> **WORK INSTRUCTIONS**
Would you transcribe the listing that follows, character for character, and omit its images?

> **SUPPLIED INFORMATION**
+ + + + + + +

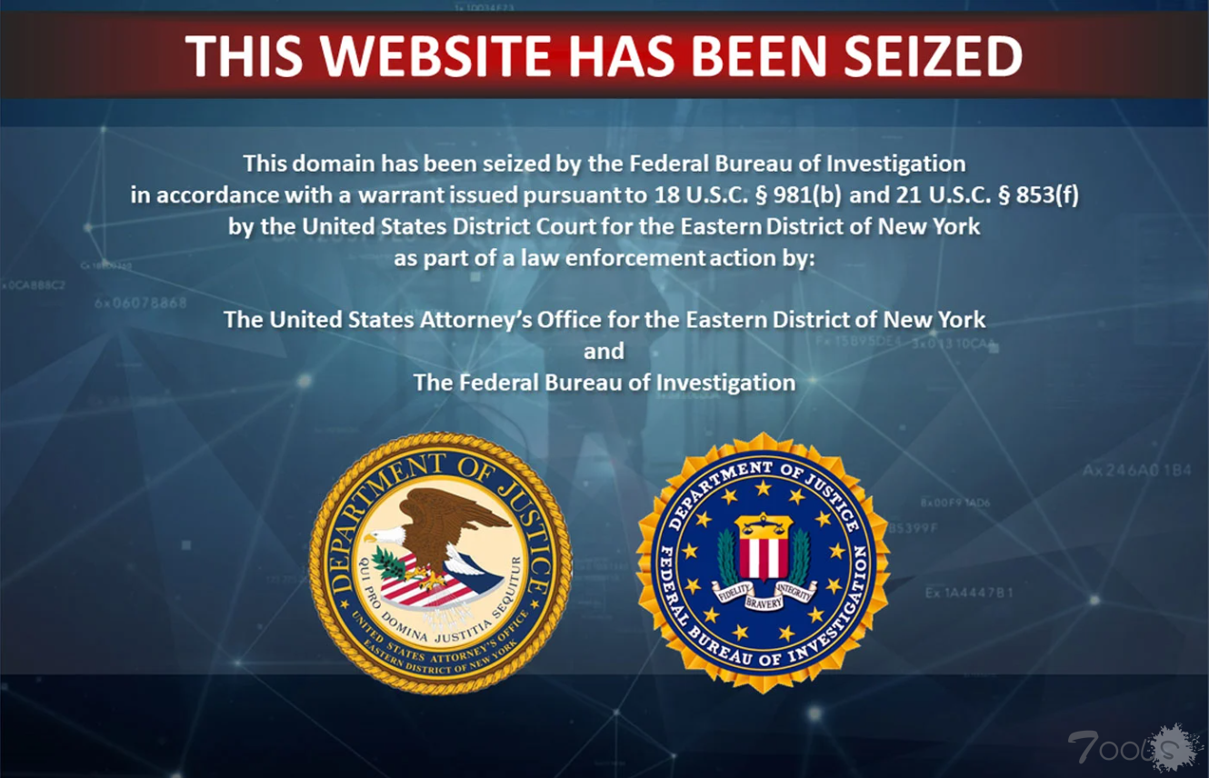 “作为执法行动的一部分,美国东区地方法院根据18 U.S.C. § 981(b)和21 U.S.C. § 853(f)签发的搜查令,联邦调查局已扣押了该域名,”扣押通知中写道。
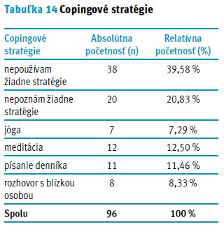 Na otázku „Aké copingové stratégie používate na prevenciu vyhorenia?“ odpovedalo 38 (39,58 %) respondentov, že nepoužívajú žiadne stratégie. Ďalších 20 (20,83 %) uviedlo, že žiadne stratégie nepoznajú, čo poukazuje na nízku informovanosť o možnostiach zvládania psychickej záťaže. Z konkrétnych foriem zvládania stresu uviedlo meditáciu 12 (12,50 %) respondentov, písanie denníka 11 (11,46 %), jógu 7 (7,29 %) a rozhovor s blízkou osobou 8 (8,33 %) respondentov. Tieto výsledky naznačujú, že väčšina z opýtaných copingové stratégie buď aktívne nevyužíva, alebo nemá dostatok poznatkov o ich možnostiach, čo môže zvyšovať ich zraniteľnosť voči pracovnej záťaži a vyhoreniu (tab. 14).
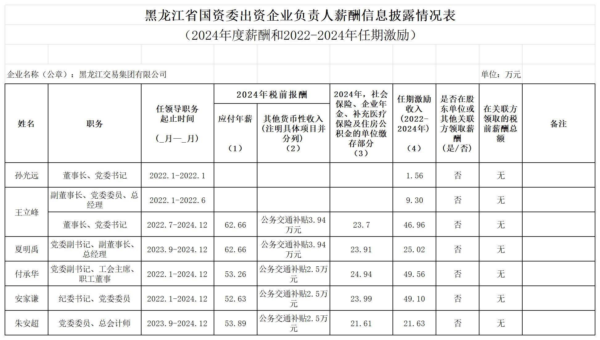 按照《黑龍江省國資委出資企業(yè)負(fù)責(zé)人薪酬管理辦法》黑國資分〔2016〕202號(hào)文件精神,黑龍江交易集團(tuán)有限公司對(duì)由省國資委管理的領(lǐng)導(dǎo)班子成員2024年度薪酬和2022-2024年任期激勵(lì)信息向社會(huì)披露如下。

+ + + + + + +

> **REPLY**
 “作为执法行动的一部分,美国东区地方法院根据18 U.S.C. § 981(b)和21 U.S.C. § 853(f)签发的搜查令,联邦调查局已扣押了该域名,”扣押通知中写道。
 Na otázku „Aké copingové stratégie používate na prevenciu vyhorenia?“ odpovedalo 38 (39,58 %) respondentov, že nepoužívajú žiadne stratégie. Ďalších 20 (20,83 %) uviedlo, že žiadne stratégie nepoznajú, čo poukazuje na nízku informovanosť o možnostiach zvládania psychickej záťaže. Z konkrétnych foriem zvládania stresu uviedlo meditáciu 12 (12,50 %) respondentov, písanie denníka 11 (11,46 %), jógu 7 (7,29 %) a rozhovor s blízkou osobou 8 (8,33 %) respondentov. Tieto výsledky naznačujú, že väčšina z opýtaných copingové stratégie buď aktívne nevyužíva, alebo nemá dostatok poznatkov o ich možnostiach, čo môže zvyšovať ich zraniteľnosť voči pracovnej záťaži a vyhoreniu (tab. 14).
 按照《黑龍江省國資委出資企業(yè)負(fù)責(zé)人薪酬管理辦法》黑國資分〔2016〕202號(hào)文件精神,黑龍江交易集團(tuán)有限公司對(duì)由省國資委管理的領(lǐng)導(dǎo)班子成員2024年度薪酬和2022-2024年任期激勵(lì)信息向社會(huì)披露如下。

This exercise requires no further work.